These are the key concepts you need to understand to accurately answer the question.

Understanding Statistics Education
Statistics is a crucial part of data analysis and plays a significant role in everyday decision-making. It is about collecting, analyzing, interpreting, and presenting data. In statistics education, students learn to understand data types and how to work with them. A fundamental aspect is distinguishing between different types of variables, especially discrete and continuous ones.

Knowing the difference between these variables helps in selecting appropriate methods for analysis. It also supports making accurate predictions and informed conclusions. This knowledge is foundational in fields ranging from science to economics and beyond.

Statistics education is not just about numbers; it's about developing critical thinking and analytical skills. Understanding how data behaves lends valuable insights into patterns and trends. With practice, students can become adept at making sense of complex data sets, enhancing their ability to work in various fields.
Exploring Discrete Variables Examples
Discrete variables are those that you can count with distinct, separate values. They are often integer-valued and have no fractions or decimals between them. Whenever you count something where you can't have half or part of what you're counting, you're dealing with discrete variables.

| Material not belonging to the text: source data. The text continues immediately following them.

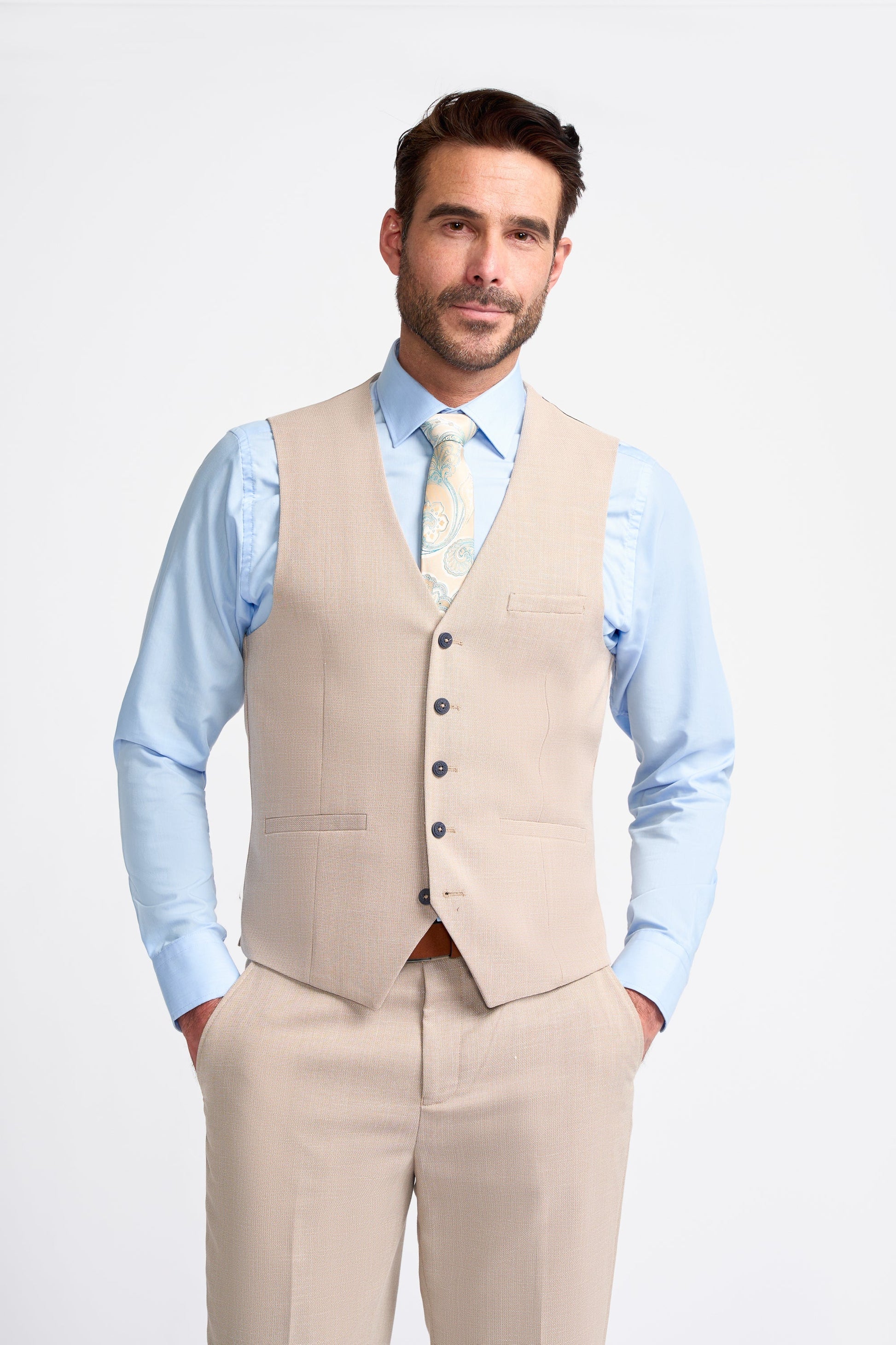 The Miami beige three piece suit offers a perfect balance of style and comfort. Part of the Miami collection, this suit showcases a sophisticated beige colour, ideal for both formal and smart-casual occasions. Whether you’re attending a wedding, a business meeting, or a summer celebration, the Miami beige three piece suit adds a touch of elegance and effortless style to your wardrobe.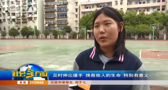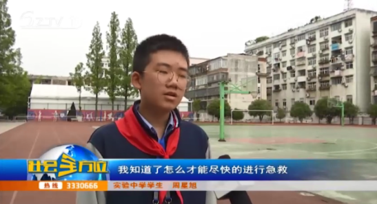 【采访】实验中学 学生 周星旭:通过这次学习,我知道了怎么才能尽快的进行急救。希望以后遇到这种状况,我能够沉着冷静的应对。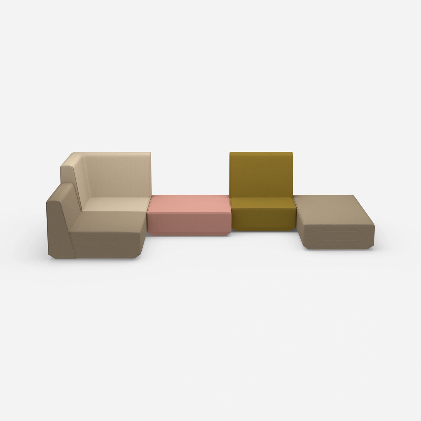 Verschieden konfigurierte Cubit Sofa Module in einem großen, offenen Raum – zeigt die Vielfalt an Kombinationsmöglichkeiten und Farben
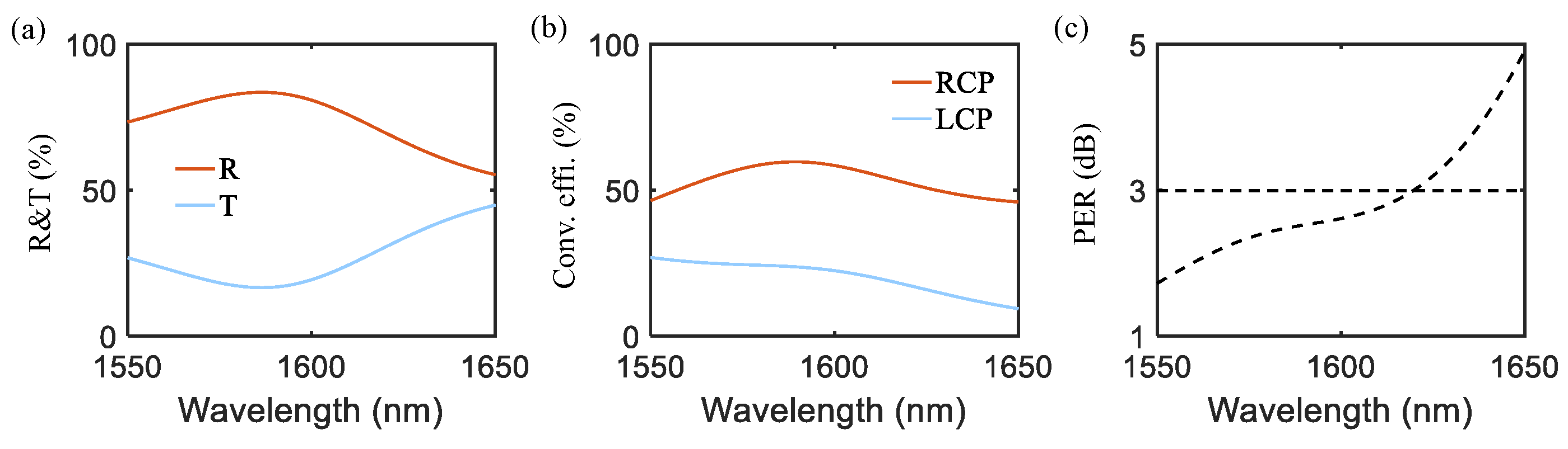 where r denotes the amplitude, R refers to the reflectance, ‖, ⊥ is the incident electric field parallel and perpendicular to the gratings, and Δ φ = ϕ ϕ is the relative phase delay, reflectivity. The retrieved linear-to-circular polarization conversion efficiency is shown in Figure 6b. The conversion efficiency of RCP reaches 50 % across a successive wavelength range from 1554.2 to 1627.7 nm (73.5 nm bandwidth). The polarization extinction ratio (PER) is another important index from an engineering point of view and is widely used in optical devices, which is approximately equal to [35,37,38]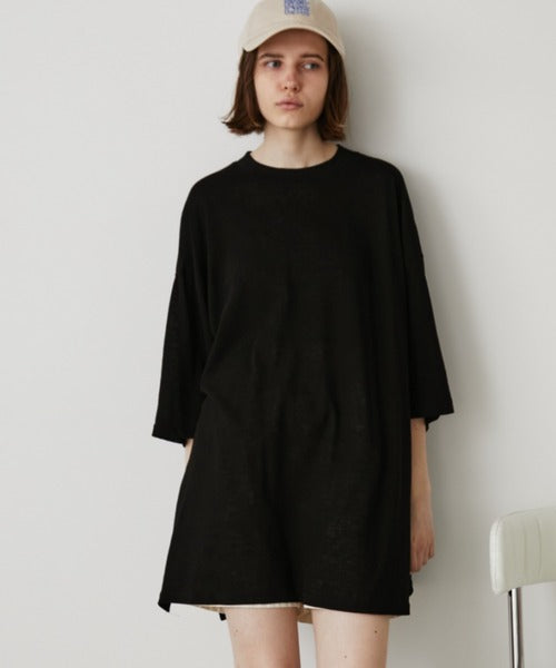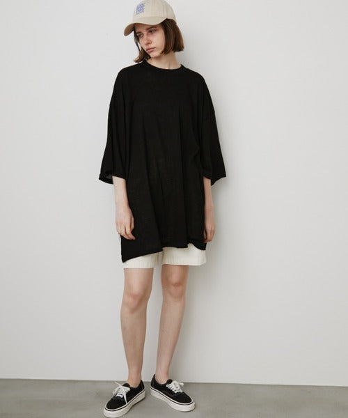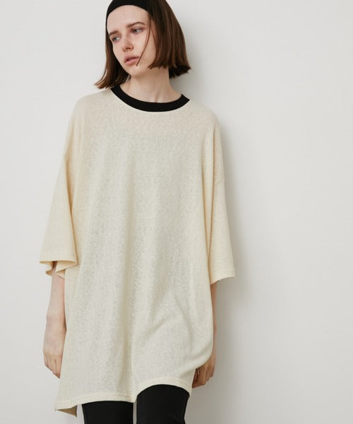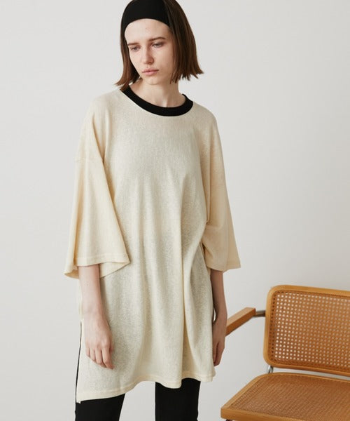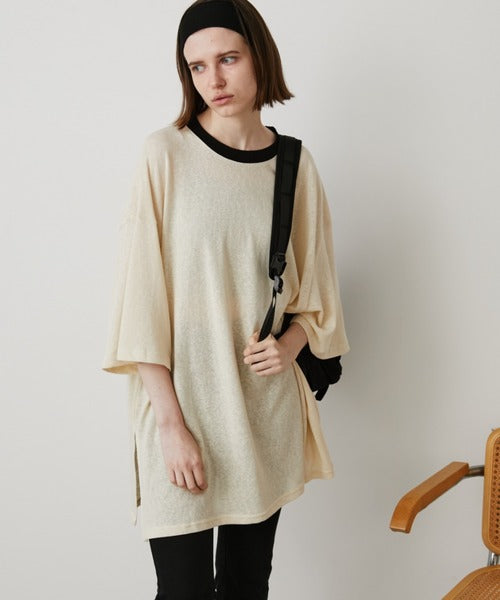 このTシャツは透け感のある素材で作られており、ゆったりとしたシルエットでカジュアルな印象です。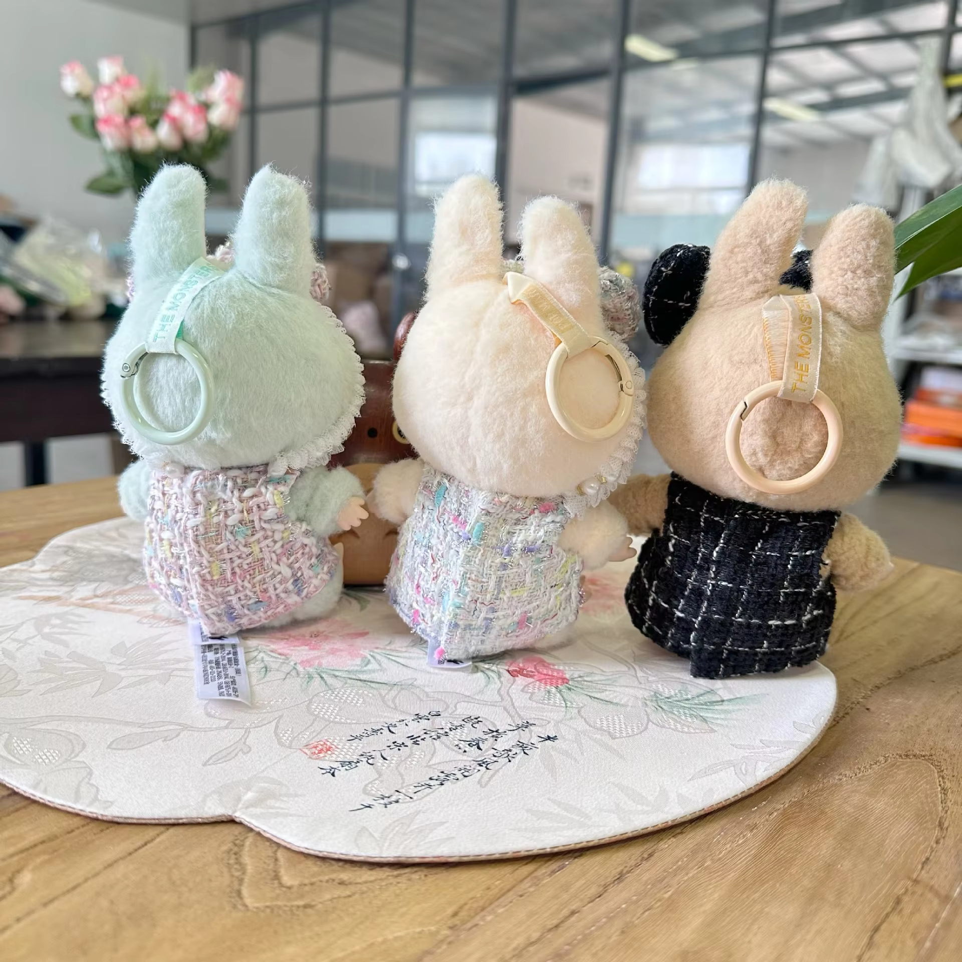 July 11, 2025Indumentaria (es decir, la ropa) para la muñeca de 1ra y 2da generación está empaquetada, el colgante LABUBU para una elegante falda de tela tejida en blanco y negro y cuello contemporáneo.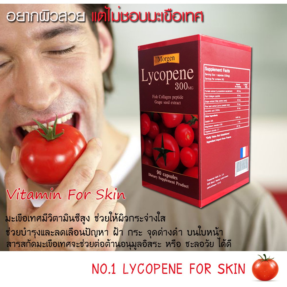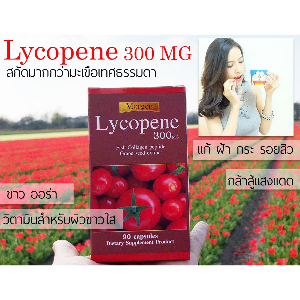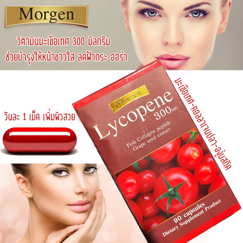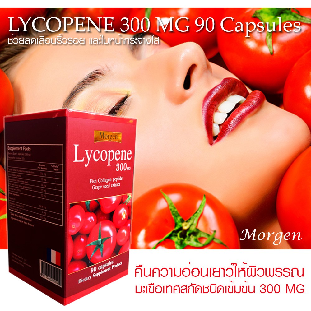 🔥Morgen Lycopene 300 MG 90 เม็ด ( 1 กระปุก ) Exp.08/2027 (ของแท้!มีสติกเกอร์กันปลอม)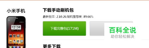 首先大家要下载最新的卡刷包,在MIUI官网下载,选择“下载”-“小米手机”-“下载完整包(1xxM)”。这个就是线刷包。至于卡刷包要另外下(就是以fastboot结尾的exe文件,在这里我们不做讨论)。把这个文件保存到你的电脑里。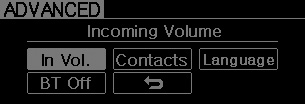 While in ADVANCED menu, select “In Vol.” Use the knob key to set the desired volume and press the ENTER button.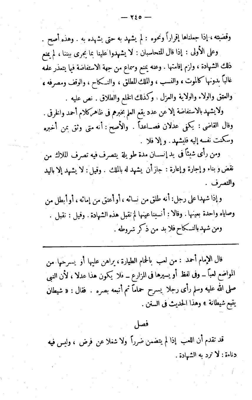 قال الإمام أحمد من لعب بالحمام الطيارة يراهن عليها أو يسرحها من المواضع لعبا وفي لفظ أو يسيرها في المزارع فلا يكون هذا عدلا لأن النبي صلى الله عليه وسلم رأى رجلا يسرح حماما ثم أتبعه بصره فقال "شيطان يتبع شيطانة" وهذا الحديث في السنن.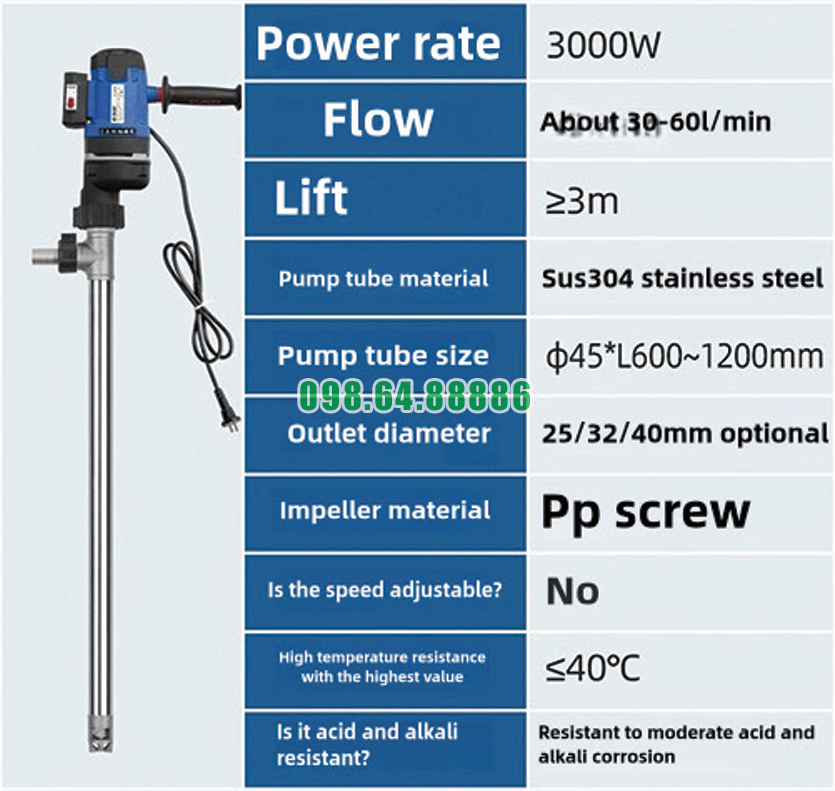 Có thể khẳng định, sự kết hợp giữa thép không gỉ SUS304 và nhựa PP chính là một trong những điểm mạnh cốt lõi giúp Bơm điện trục cong 160 – JDT-3000W-LG đạt được sự cân bằng giữa độ bền – hiệu suất – độ ổn định, đáp ứng tốt nhu cầu sử dụng lâu dài của doanh nghiệp công nghiệp.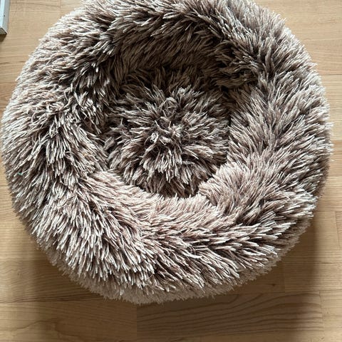 Dejlig donut til mindre hund. Fluffy Beige fra Maxi Zoo. Diameter 60 cm. Som ny. Vores hund ville ikke ligge i den. Vaskbart betræk. Nypris 269,- kr.

Here are some examples to illustrate how discrete variables work:
  • Number of books on a shelf: You might have exactly 10, 11, or 12 books, but not 10.5 books.
  • Rolls of a dice: When you roll a six-sided die, the possible outcomes are 1, 2, 3, 4, 5, or 6. No intermediate values exist between these.
  • Counts of cars in a parking lot: You can count the number of cars, such as 15, 16, or 17, but not 15.3 cars.

This concept is essential in scenarios where exact numbers are important. It helps in tasks like optimizing resources or determining probabilities in games of chance.
Exploring Continuous Variables Examples
Continuous variables differ from discrete ones as they can take any value within a range. This includes whole numbers as well as fractions and decimals. Continuous variables are typically measurements and can be finely detailed.

Here are some examples of continuous variables:
  • Temperature readings: The temperature can be 34.2°C or 34.25°C, allowing for very precise measurement.
  • Time durations: Time can be measured to the nearest second or fraction of a second, like 2.5 seconds or 2.55 seconds.
  • Body weights: People's weight can be 68.4 kg or 68.45 kg, showing that continuous variables are flexible in measurement.

Continuous variables are used when precise measurement is necessary. They help in situations where variability is prominent, such as monitoring weather patterns or measuring time in sporting events.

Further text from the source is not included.